ACTION ITEM >>
Retype all data exactly as given. Pictures should not be retyped.

DATASET EXTRACT >>
>>>

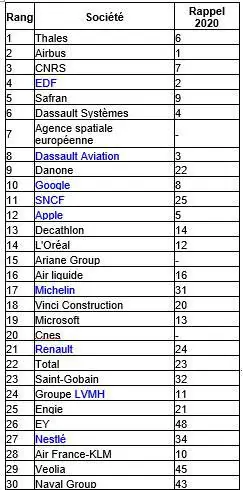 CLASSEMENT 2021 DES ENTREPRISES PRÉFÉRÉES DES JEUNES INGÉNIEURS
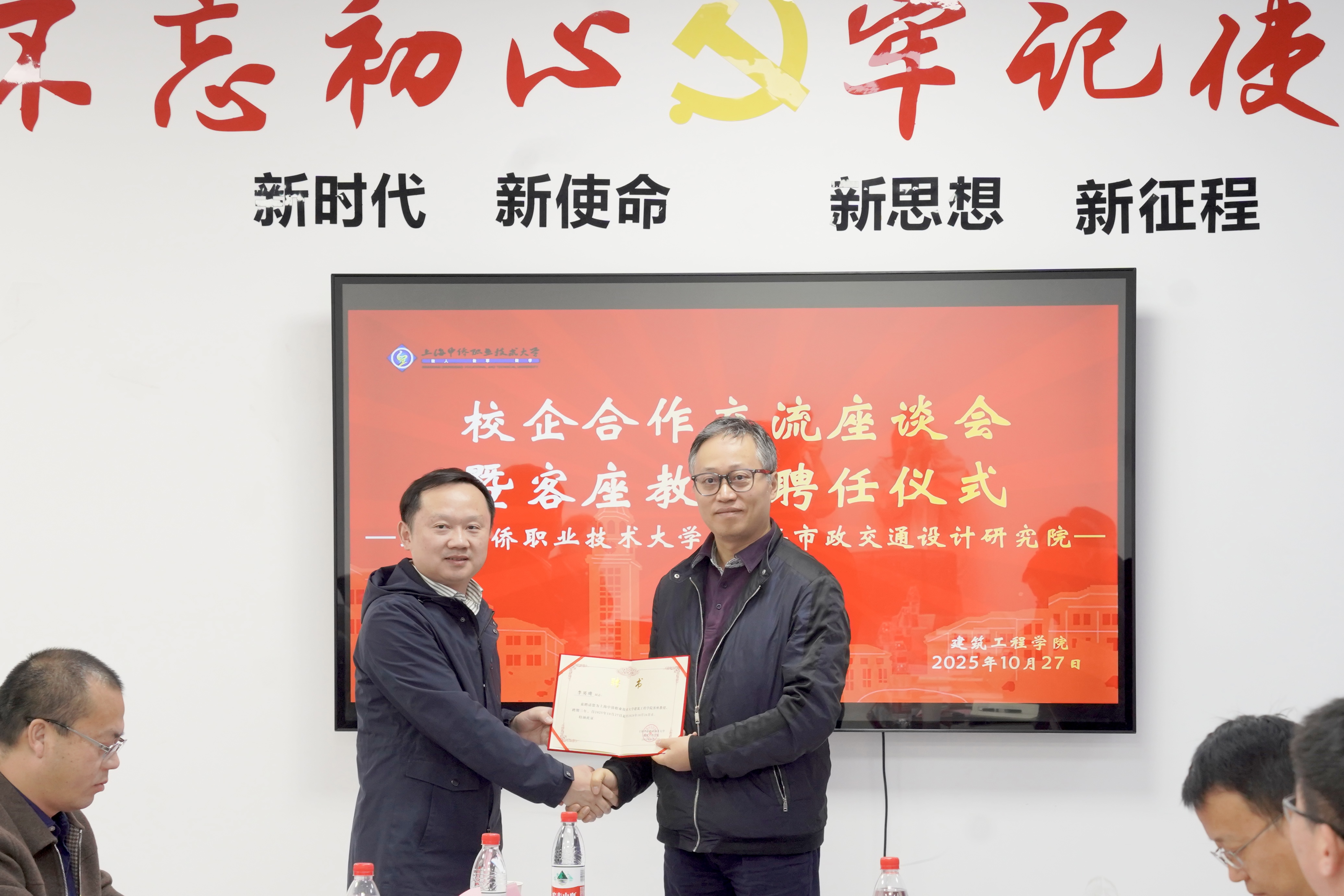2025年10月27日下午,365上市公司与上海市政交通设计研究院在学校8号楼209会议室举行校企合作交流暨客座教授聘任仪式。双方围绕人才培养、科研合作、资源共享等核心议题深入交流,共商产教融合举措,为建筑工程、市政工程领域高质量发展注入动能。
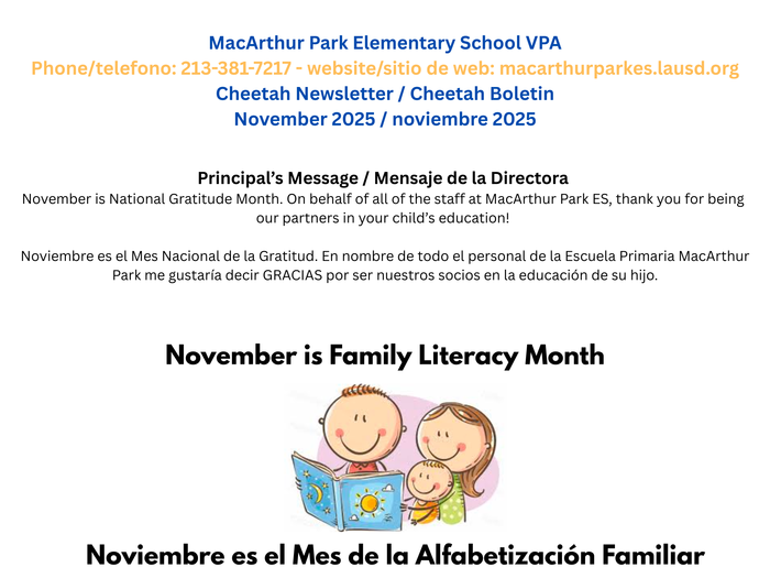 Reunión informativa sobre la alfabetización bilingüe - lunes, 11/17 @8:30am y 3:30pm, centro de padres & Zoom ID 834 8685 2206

<<<

RESULT FOR THIS TASK >>
 CLASSEMENT 2021 DES ENTREPRISES PRÉFÉRÉES DES JEUNES INGÉNIEURS
2025年10月27日下午,365上市公司与上海市政交通设计研究院在学校8号楼209会议室举行校企合作交流暨客座教授聘任仪式。双方围绕人才培养、科研合作、资源共享等核心议题深入交流,共商产教融合举措,为建筑工程、市政工程领域高质量发展注入动能。
 Reunión informativa sobre la alfabetización bilingüe - lunes, 11/17 @8:30am y 3:30pm, centro de padres & Zoom ID 834 8685 2206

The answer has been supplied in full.